Lazy JSON Pages only needs one of these details to work properly:

LazyJsonPages::from($source)->totalPages('pagination.total_pages');

LazyJsonPages::from($source)->totalItems('pagination.total_items');

LazyJsonPages::from($source)->lastPage('pagination.last_page');

If the length information is nested in the JSON body, we can use dot-notation to indicate the level of nesting.
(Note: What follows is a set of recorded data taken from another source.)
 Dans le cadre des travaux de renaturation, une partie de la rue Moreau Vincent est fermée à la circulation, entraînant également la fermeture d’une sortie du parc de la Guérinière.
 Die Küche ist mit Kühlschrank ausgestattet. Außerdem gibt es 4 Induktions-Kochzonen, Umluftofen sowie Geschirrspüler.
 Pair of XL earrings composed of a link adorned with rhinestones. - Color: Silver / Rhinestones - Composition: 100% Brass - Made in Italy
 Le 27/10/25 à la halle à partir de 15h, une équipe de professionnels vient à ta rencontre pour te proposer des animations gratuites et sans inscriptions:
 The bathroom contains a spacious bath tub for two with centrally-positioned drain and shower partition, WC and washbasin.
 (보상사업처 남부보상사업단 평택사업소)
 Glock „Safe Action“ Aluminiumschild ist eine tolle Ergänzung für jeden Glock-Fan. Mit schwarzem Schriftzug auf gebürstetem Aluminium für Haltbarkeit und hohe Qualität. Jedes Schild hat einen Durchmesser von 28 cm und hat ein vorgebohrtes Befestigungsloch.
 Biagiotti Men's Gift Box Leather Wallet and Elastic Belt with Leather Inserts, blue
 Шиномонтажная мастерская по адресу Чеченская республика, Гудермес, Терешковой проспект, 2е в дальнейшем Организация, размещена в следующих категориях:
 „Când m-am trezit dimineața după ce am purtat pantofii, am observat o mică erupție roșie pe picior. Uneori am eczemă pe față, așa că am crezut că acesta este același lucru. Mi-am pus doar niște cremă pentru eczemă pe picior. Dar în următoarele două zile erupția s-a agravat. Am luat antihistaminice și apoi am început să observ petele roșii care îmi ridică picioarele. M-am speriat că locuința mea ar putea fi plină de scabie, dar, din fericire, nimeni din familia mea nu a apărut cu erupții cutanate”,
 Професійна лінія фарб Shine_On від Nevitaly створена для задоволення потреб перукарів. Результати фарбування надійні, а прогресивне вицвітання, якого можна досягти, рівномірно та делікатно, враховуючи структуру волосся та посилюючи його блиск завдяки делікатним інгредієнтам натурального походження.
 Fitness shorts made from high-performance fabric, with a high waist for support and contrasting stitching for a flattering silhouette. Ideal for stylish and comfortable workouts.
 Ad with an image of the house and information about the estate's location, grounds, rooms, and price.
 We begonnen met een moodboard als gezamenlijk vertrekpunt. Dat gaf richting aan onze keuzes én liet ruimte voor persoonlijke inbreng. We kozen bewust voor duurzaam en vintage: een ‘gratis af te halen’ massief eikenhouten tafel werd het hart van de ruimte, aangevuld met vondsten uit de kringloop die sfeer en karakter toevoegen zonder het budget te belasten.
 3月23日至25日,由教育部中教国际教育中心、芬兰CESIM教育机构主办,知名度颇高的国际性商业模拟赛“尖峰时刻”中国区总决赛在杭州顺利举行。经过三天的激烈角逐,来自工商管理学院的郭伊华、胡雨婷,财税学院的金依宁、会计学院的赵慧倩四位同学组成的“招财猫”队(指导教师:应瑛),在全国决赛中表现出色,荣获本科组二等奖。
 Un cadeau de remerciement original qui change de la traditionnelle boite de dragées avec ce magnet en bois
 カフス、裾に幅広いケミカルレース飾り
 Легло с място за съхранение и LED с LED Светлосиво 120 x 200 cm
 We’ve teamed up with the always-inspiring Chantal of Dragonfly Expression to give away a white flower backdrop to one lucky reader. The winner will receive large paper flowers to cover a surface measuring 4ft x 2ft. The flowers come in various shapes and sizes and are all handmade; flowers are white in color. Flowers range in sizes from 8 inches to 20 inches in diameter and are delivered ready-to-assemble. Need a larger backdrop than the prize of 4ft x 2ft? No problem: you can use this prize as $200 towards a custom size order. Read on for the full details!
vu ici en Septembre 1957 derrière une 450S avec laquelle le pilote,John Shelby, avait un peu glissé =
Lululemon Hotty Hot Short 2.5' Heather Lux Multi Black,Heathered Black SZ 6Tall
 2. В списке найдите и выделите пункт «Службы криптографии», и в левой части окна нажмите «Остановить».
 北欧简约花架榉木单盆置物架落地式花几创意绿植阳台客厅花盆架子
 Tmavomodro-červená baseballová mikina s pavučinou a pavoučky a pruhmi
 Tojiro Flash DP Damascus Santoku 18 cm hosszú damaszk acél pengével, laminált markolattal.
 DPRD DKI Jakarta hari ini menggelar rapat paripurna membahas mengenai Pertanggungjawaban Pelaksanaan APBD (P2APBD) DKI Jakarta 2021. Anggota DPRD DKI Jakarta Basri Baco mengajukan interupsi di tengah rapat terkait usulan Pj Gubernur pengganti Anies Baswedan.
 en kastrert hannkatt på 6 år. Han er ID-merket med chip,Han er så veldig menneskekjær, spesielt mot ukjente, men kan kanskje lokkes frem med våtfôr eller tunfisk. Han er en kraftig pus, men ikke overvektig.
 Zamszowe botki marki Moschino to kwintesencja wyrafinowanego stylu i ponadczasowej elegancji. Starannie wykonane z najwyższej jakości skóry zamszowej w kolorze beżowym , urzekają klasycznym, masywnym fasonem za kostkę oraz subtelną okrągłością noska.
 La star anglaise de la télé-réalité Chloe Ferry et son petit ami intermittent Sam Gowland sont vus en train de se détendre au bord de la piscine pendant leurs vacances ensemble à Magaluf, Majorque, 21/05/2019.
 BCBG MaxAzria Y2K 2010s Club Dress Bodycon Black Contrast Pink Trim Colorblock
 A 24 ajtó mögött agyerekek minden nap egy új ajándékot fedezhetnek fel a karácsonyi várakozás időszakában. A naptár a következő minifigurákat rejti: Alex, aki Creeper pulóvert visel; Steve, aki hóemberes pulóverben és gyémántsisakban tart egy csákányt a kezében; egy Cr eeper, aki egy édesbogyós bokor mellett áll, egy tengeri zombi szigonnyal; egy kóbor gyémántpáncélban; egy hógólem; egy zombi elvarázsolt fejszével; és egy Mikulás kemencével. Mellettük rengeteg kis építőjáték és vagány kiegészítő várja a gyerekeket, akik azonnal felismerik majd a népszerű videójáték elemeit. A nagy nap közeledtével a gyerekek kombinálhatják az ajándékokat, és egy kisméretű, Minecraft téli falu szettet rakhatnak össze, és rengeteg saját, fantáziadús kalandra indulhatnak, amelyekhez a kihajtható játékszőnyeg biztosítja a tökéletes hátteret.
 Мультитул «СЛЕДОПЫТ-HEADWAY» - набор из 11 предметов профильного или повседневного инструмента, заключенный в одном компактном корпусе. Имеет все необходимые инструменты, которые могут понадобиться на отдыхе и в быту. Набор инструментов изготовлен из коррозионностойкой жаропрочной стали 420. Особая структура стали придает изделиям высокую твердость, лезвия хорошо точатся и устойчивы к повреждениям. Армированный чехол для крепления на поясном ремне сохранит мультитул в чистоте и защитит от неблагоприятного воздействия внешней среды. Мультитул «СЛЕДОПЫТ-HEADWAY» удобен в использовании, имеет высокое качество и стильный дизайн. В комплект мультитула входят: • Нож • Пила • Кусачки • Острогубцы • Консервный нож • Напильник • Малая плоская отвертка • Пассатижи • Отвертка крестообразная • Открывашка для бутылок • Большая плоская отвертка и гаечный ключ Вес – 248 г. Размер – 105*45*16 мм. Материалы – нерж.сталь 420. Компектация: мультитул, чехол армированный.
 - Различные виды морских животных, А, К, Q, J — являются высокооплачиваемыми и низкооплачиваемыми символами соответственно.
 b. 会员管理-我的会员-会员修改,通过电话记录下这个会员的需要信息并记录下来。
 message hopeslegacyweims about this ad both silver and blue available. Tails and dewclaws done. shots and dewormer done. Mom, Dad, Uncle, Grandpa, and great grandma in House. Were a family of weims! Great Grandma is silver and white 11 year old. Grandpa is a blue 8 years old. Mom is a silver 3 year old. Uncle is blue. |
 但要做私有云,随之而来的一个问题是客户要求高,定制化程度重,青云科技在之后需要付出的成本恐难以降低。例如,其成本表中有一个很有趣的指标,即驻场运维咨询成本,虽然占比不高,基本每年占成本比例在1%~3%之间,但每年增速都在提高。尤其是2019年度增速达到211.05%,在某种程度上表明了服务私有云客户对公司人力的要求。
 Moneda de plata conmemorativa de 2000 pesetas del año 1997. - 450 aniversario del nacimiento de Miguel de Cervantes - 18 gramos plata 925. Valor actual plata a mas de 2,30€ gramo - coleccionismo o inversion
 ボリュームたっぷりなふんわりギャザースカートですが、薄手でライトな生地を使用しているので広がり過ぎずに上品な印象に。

For example, pagination.total_pages means that the total number of pages sits in the object pagination, under the key total_pages.

Otherwise, if the length information is displayed in the headers, we can use the same methods to gather it by simply defining the name of the header:

LazyJsonPages::from($source)->totalPages('X-Total-Pages');

LazyJsonPages::from($source)->totalItems('X-Total-Items');

LazyJsonPages::from($source)->lastPage('X-Last-Page');

APIs can expose their length information in the form of numbers (total_pages: 10) or URIs (last_page: "https://example.com?page=10"), Lazy JSON Pages supports both.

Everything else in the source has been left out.